Figure 4: Historical production adjustment on a Duvernay well reporting predominantly Gas – Equivalent production
If we switch from looking at a single well level up to the play level, the impact of IntelliCasts production adjustments is such that the forecast initial deliverability of the total Duvernay field liquids is estimated to be between 1.7x and 2.4x the last reported public aggregate liquids production rate (Figure 5). The range in liquids deliverability at the aggregate level is the result of uncertainties summed from the well level for each constituent well in the play.
Figure 5: Duvernay product forecasts (field liquids, raw gas)
With adjusted production data in hand, better resource forecasting estimates can be undertaken. Figure 6 showcases a sample of wells in the Kaybob South & Waskahigan fields and how inference-based production pre-processing adjustments can result in Estimated Ultimate Recoverable (EUR) volume forecasts for field liquids that are far higher (and more reliable) than what would be estimated based on unadjusted raw public data alone. GLJ has compared these results against those generated from actual reserves evaluation studies involving proprietary field production data and found them to be very trustworthy approximations.
Figure 6: Duvernay field liquids forecast EUR from GLJ IntelliCasts™; Red indicates liquids production forecasts for a particular well, whereas the green bars indicate GLJ IntelliCasts™ estimation. (Note: when there is no red bar present, zero liquids were reported)

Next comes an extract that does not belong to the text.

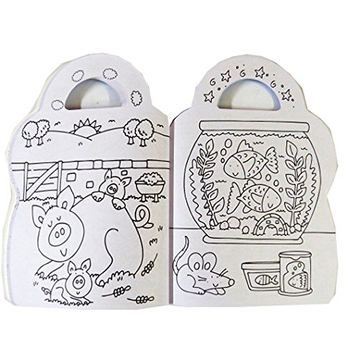 This beautifully made Children's carry colouring book measures 285mm x 206mm. Comes with a solid card front and back cover, cut out window and gloss laminated for additional protection and quality. Inside this colouring book it includes a colourful themed sticker sheet and 48 beautifully illustrated colouring pages. This colouring book is die cut to a fun shape and includes a large carry handle, perfect bound on the left edge (285mm). Wonderful product, perfect for rainy days and a fun way for young ones to express themselves.

For the assessment of net present value in liquids-rich wells, it is critical to have a good understanding of the historical and future production allocations between field liquids and gas. Due to reporting inconsistencies, the public production record cannot always be counted on to provide this insight. In applications such as asset screening, competitor analysis, and benchmarking, there simply is no proprietary production dataset to fall back on. Technically rigorous and reliable adjustments to the public production record in plays like the Montney and Duvernay is just one of the many reasons why IntelliCasts insights are an indispensable tool in any upstream and midstream asset evaluation toolkit. The direct linkage between GLJ’s internal play data and IntelliCasts means that subscribers can spend their time making confident data-driven decisions for their businesses.